| Material for the task |

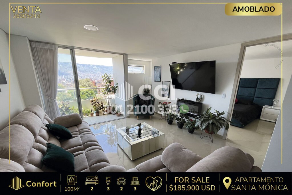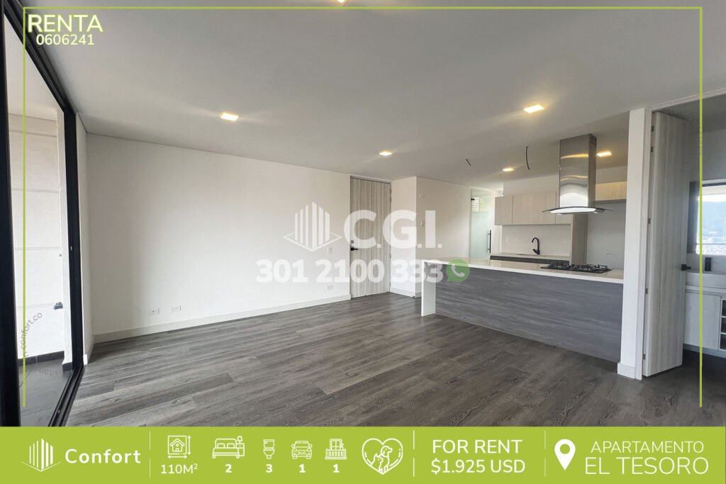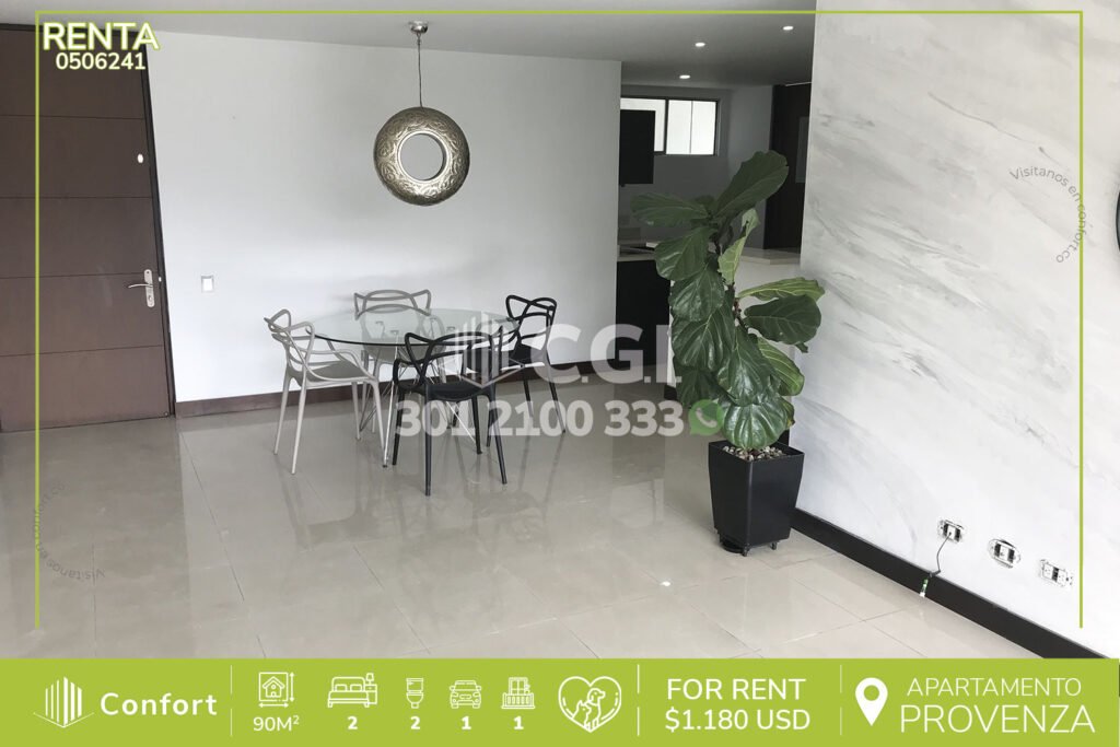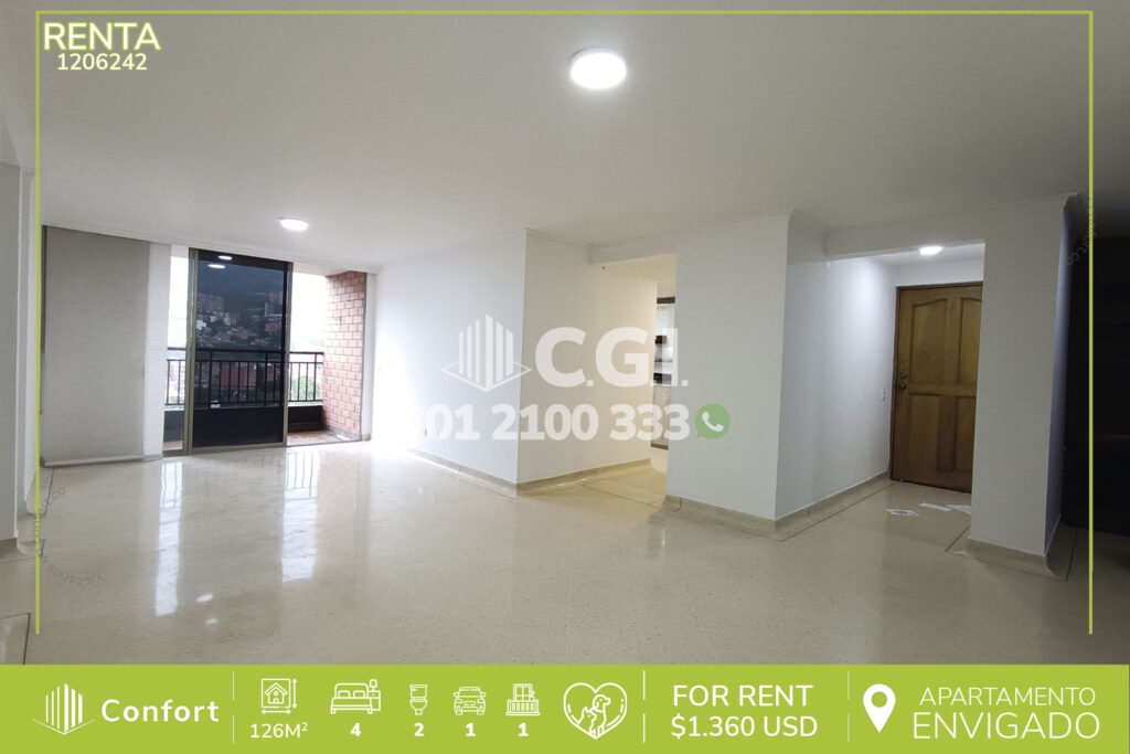14-06-242 Hermoso y cómodo apartamento disponible para la renta en exclusivo sector de Envigado, cuenta con 116 mts2 distribuidos en 2 alcobas, la principal con su baño privado, alcoba de servicios, baño social, cocina integral con barra americana, balcón con ventanal, sala-comedor amplia y los más hermosos acabados, con seguridad privada 24/7 y zonas comunes como, gimnasio, salón social, sauna, y...
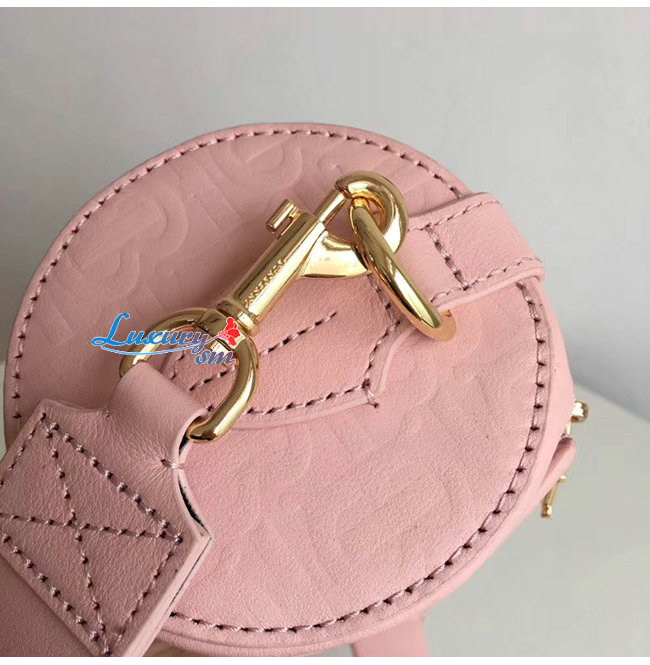 모노그램이 연출된 가죽 소재의 원통형 마이크로 배럴 백.
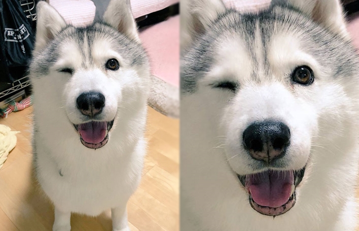 네티즌이 공개한 사진 속에 등장하는 허스키는 정말 개라고 믿기지 않을 정도로 다양한 표정들을 담고 있죠. 그중에서 많은 네티즌들을 설레게 했던 사진이 바로 '개 윙크'를 날리고 있는 허스키의 표정이라고 할 수 있습니다.
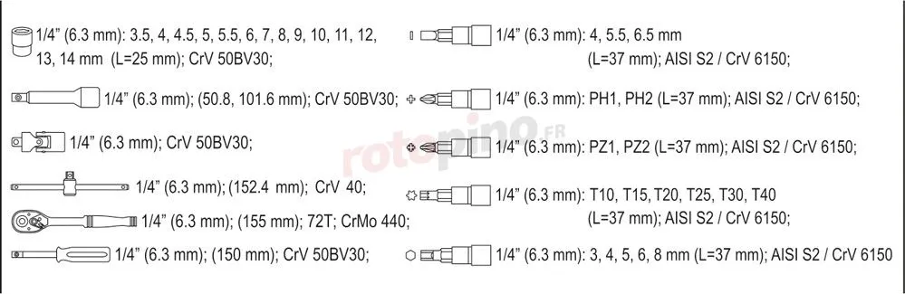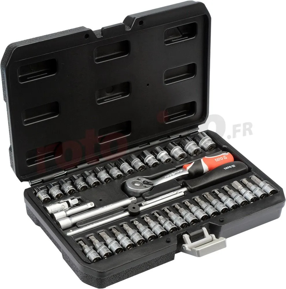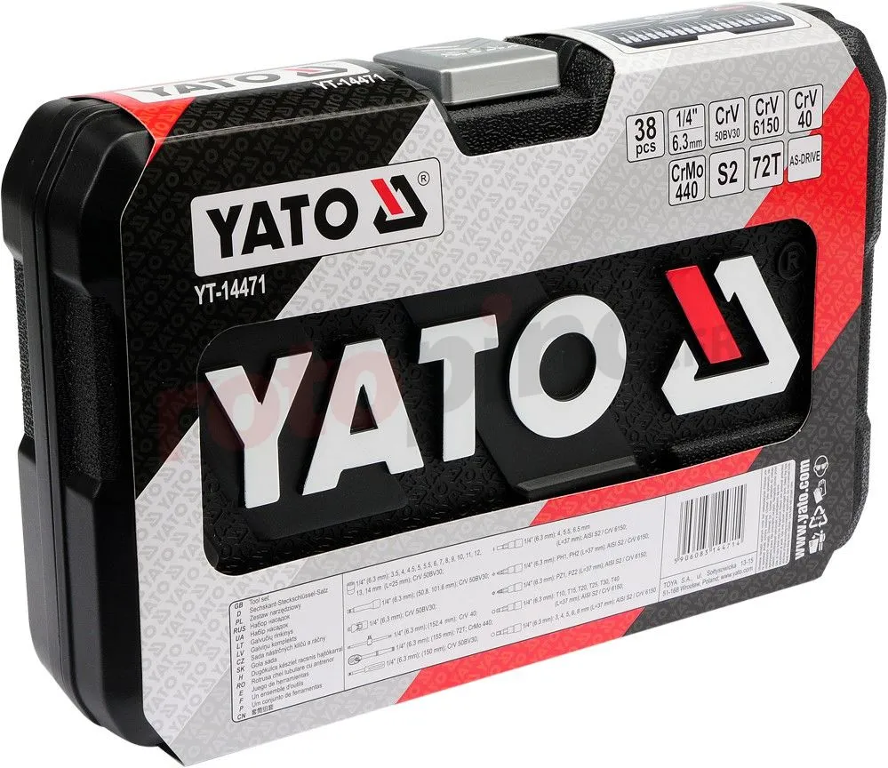 Clé à douilles 1/4 « 38 pcs YT-14471 Yato est dédié aux professionnels. Vérifiez lors de la maintenance et mécanique. L’ensemble comprend, entre autres, 1/4 « prises en chrome-vanadium CrV50BV30, hochet acier CrV 6140, ainsi que des morceaux de disque S2 en acier. Les différents éléments sont disposés dans un boîtier en plastique.
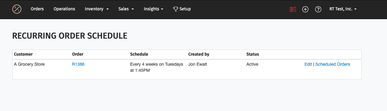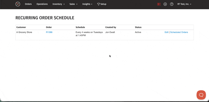 Note: Editing the original base order after the fact does not update the recurring schedule. If you make a change to that order in Orders, the recurring order is unaffected.
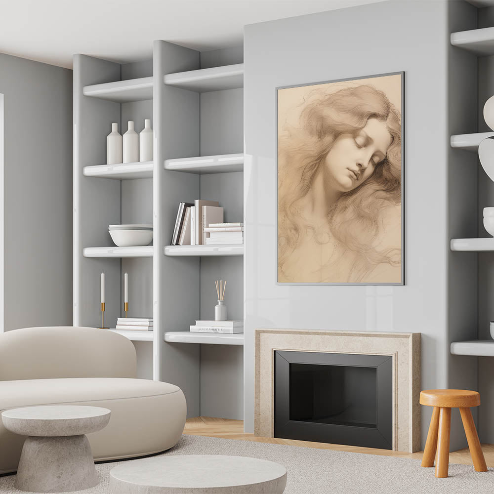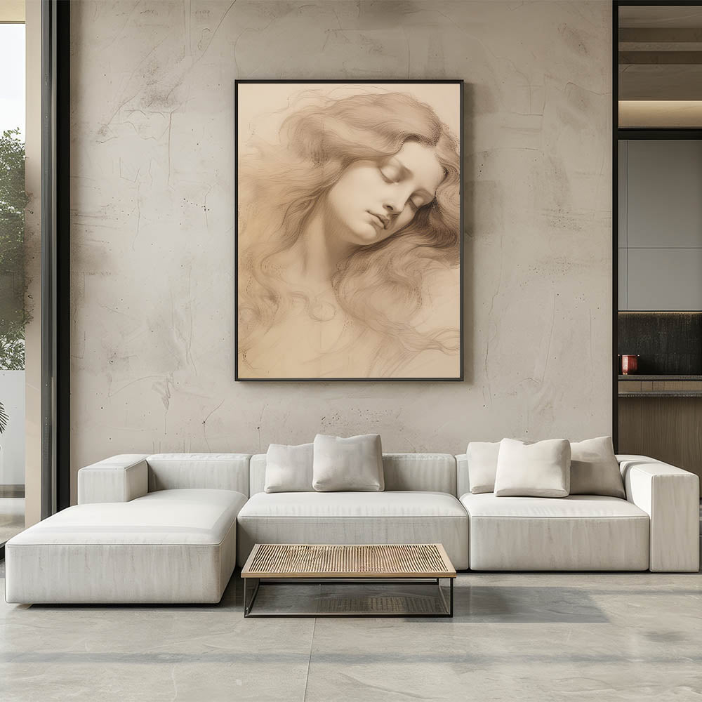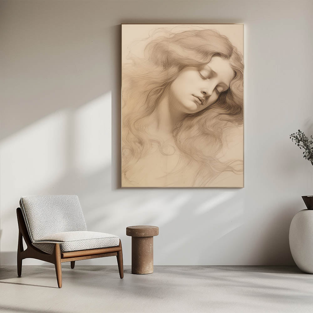This timeless portrait print captures the serene beauty of a woman with flowing hair, rendered in soft, delicate pencil strokes. The dreamy, ethereal quality of the artwork evokes a sense of nostalgic portrait art, making it a stunning choice for historic portrait decor lovers. The fine details and graceful composition add an element of old-world portrait decor, perfect for elegant and artistic interiors.

| Task details |
Every line from the one containing "Clé à douilles" through the end of the records is to be returned exactly, and those lines alone; pictures are dropped.

| Response box |
 Clé à douilles 1/4 « 38 pcs YT-14471 Yato est dédié aux professionnels. Vérifiez lors de la maintenance et mécanique. L’ensemble comprend, entre autres, 1/4 « prises en chrome-vanadium CrV50BV30, hochet acier CrV 6140, ainsi que des morceaux de disque S2 en acier. Les différents éléments sont disposés dans un boîtier en plastique.
 Note: Editing the original base order after the fact does not update the recurring schedule. If you make a change to that order in Orders, the recurring order is unaffected.
This timeless portrait print captures the serene beauty of a woman with flowing hair, rendered in soft, delicate pencil strokes. The dreamy, ethereal quality of the artwork evokes a sense of nostalgic portrait art, making it a stunning choice for historic portrait decor lovers. The fine details and graceful composition add an element of old-world portrait decor, perfect for elegant and artistic interiors.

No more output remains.